Mick Durham

Current position
- Title: Head coach
- Team: Montana State Billings
- Conference: GNAC

Biographical details
- Born: February 3, 1957 (age 68) Chicago, Illinois, U.S.

Playing career
- 1975–1980: Montana State
- Position(s): Point guard

Coaching career (HC unless noted)
- 1980–1982: Shepherd HS
- 1982–1990: Montana State (assistant)
- 1990–2006: Montana State
- 2008–2011: New Mexico State (assistant)
- 2011–2018: Alaska
- 2018–present: Montana State Billings

Accomplishments and honors

Championships
- 2× Big Sky regular season (1996, 2002) Big Sky tournament (1996)

Awards
- 3× Big Sky Coach of the Year (1996, 2002, 2005) GNAC Co-Coach of the Year (2013)

= Mick Durham =

American college basketball coach (born 1957)

Mick Durham is an American college basketball coach, currently men's head coach for Montana State University Billings. He had previously been head coach at the University of Alaska Fairbanks, where he led the program for 7 seasons.
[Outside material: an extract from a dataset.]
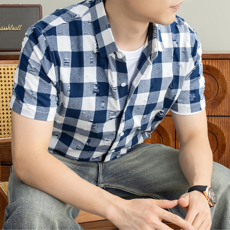 辰野电商&1027数据爆款格子数码印花无痕短袖衬衫

Durham was born in Chicago, but grew up in Three Forks, Montana where he led Three Forks High School to the 1974 Montana Class B State championship. He accepted a scholarship offer to nearby Montana State, where he became a three-year starter at point guard, leaving as one of the school's all-time leaders in assists and free throw percentage. Following the close of his playing career, Durham coached high school basketball at Shepherd High School in Shepherd, Montana from 1980 to 1982 before returning to Montana State as an assistant coach.

Following eight seasons as an assistant to Stu Starner, Durham moved to the head coaching position in 1990 when Starner left the post for a leave of absence. In 16 seasons leading the Bobcats, Durham compiled a record of 246–213. His teams won Big Sky Conference regular season championships in 1996 and 2002, and won the Big Sky tournament in 1996. Durham was named the conference coach of the year on three occasions (1996, 2002 and 2005). Durham resigned on March 13, 2006 following a 15–15 season.

Durham returned to coaching in 2008 as an assistant at New Mexico State University. After three seasons, he was hired as head coach at Alaska in 2011.

In March 2018, Durham accepted the head men's coaching job at Montana State University Billings, where he was 59-56 overall, 39-36 in the GNAC and was named the league's coach of the year three times.